As for the plot, too often opera companies forget that opera attendees want to be consumed by drama and to be surprised. (Hence the true lament from a distraught first-timer to Puccini’s Tosca, who approached a member of San Francisco Opera’s artistic staff and complained, “Why did you have to spoil it by telling us that she jumps in the end?”) Ignoring this, Seattle Opera distributed programs that spelled out every single twist and turn of the tale. Much better was the official blog’s succinct summation: “A Japanese American family [in a farmhouse in Puget Sound] burns precious belongings from Japan in an attempt to avoid arrest during World War II. Young Setsuko manages to hide her beloved doll before her family is forced out of their home. A new couple moves in: Jim, a U.S. veteran, and Eva, a Jewish immigrant preoccupied by her family’s situation in Germany. When Eva finds the doll, she discovers the truth – about Setsuko’s family and her own.”

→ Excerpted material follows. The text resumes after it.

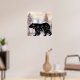 Svart björnvägg konst, Silhoutte-björn med blomskutta poster
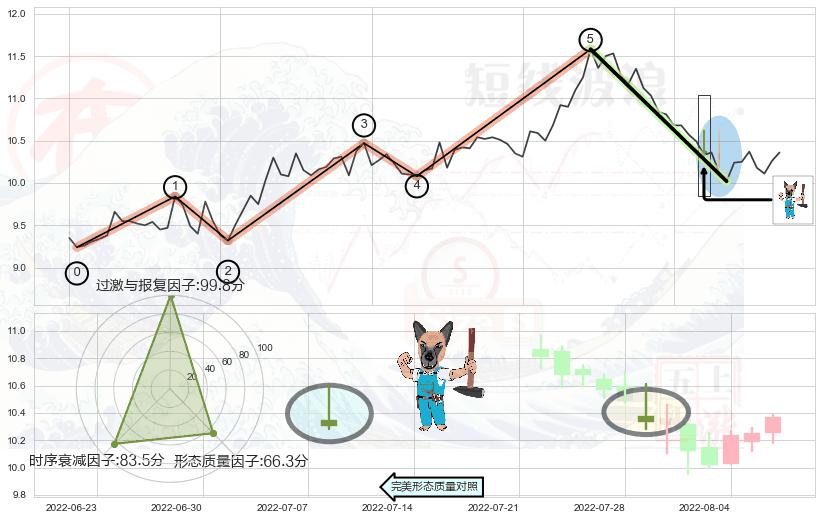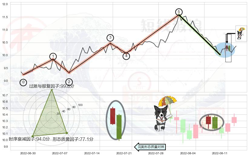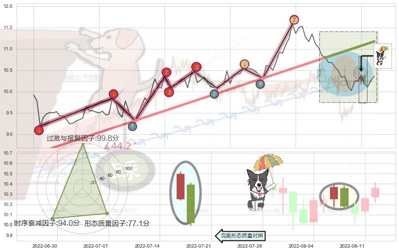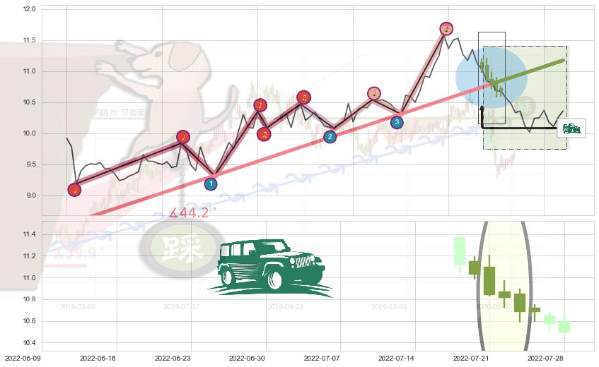 ➢ 2022-03-15-2022-07-22上升趋势存在反转[风险],其原上升趋势的支撑位(11.17)已破位[强阻力信号],原上升趋势角度: 44.2˚

Nina Yoshida Nelsen (Hiroko Kobayashi) and Hae Ji Chang (Setsuko Kobayashi).
Mother and daughter: Nina Yoshida Nelsen (Hiroko) and Hae Ji Chang.

This being opera, matters were a bit more complicated. The story, strong on victim-persecutor dynamics, includes multiple heart-tugging encounters. To these ends, Perla sets Murphy Moo’s libretto in a lyrical, vaguely modern manner that melds more than a few Philip Glass-like minimalistic repetitions with slow-moving, invariably gloomy undercurrents whose emotional tenor remains surprisingly calm and even through most of the opera.

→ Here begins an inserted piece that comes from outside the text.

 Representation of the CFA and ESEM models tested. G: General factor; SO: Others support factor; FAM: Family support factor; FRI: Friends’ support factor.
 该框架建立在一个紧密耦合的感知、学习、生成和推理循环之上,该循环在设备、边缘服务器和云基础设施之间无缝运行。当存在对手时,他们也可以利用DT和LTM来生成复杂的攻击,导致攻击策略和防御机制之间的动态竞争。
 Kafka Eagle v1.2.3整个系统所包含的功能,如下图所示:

Seattle Opera terms Perla’s idiom “post-Britten, post-Bernstein,” which could mean almost anything. (You can sample two arias on the blog.) Suffice it to say that Peter Grimes meets the Jets it is not. Save for one climactic passage that lasts all of a few minutes, everything about this story proceeds so slowly that grade school children will have no trouble following along.

The singing was uniformly excellent. In her Seattle Opera debut, South Korean soprano Hae Ji Chang (as young daughter Setsuko Kobayashi) produced her soaring sweet tones with fetching innocence. I left hungry to hear her Pamina. As her parents, debut American bass Adam Lau and debut mezzo-soprano Nina Yoshida Nelsen were quite touching. As the American husband, baritone Morgan Smith, a former Seattle Opera Young Artist, produced especially handsome volumes of tone that grew convincingly darker and more emphatic. Debut soprano D’Ana Lombard, who played the American’s new German Jewish wife, sang with a certain Old World stolidity and poor enunciation that, thanks to supertitles, served her role well enough.

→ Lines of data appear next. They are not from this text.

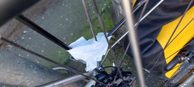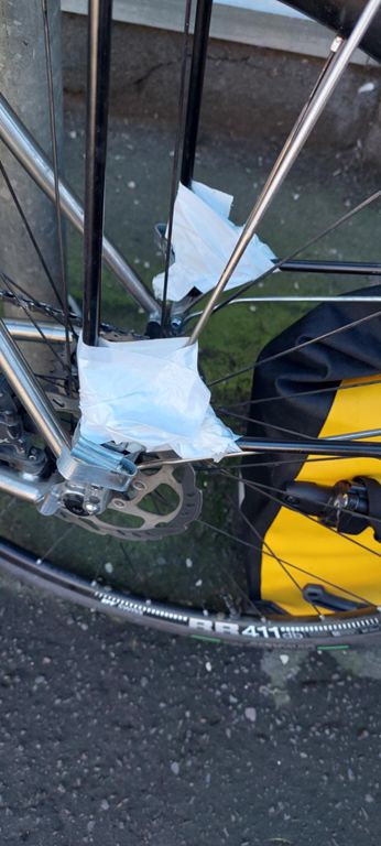 The morning M check revealed the cause of yesterday's squeaks: the left rear pannier stay had sheered near its base.
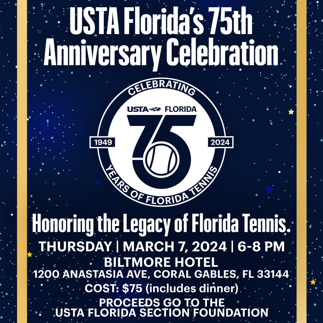 USTA Florida is proud to host our first 75th Anniversary Celebration in Miami on March 7th. This event will take place at the Biltmore Hotel in Coral Gables from 6pm to 8pm. Mary Joe Fernandez will be our featured guest, and we will be paying tribute to many legends who have helped shape Florida tennis through the decades.
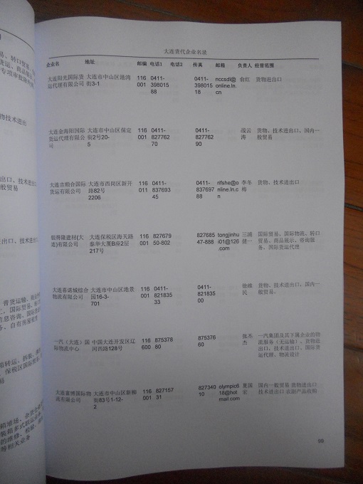 大連貨運公司黃頁包括:企業(yè)名稱、負(fù)責(zé)人聯(lián)系方式、企業(yè)電話、傳真、Email、經(jīng)營范圍、地址、郵編等信息。

Given its potent subject matter and edifying elements, it is quite likely that, within a decade, An American Dream will secure far more performances than either John Adams’ The Death of Klinghoffer or Jake Heggie’s Dead Man Walking. That most people will likely see it in educational settings or community centers is not to denigrate the opera’s achievement as a cumulative experience in which music plays but one part. An American Dream may not be a great work of art, but it is a prime example of “people’s music” that tackles a formerly uncomfortable subject with honesty and whose ultimate impact relies, in large part, on  non-musical components that are anything but ancillary.

Jason Victor Serinus writes and reviews for Seattle Times, San Francisco Classical Voice, CVNA, Stereophile, American Record Guide, Opera Now, Listen, Bay Area Reporter, and many other publications. He whistled Puccini’s “O mio babbino caro” as “The Voice of Woodstock” in an Emmy-nominated Peanuts cartoon. He resides in Port Townsend, Wash.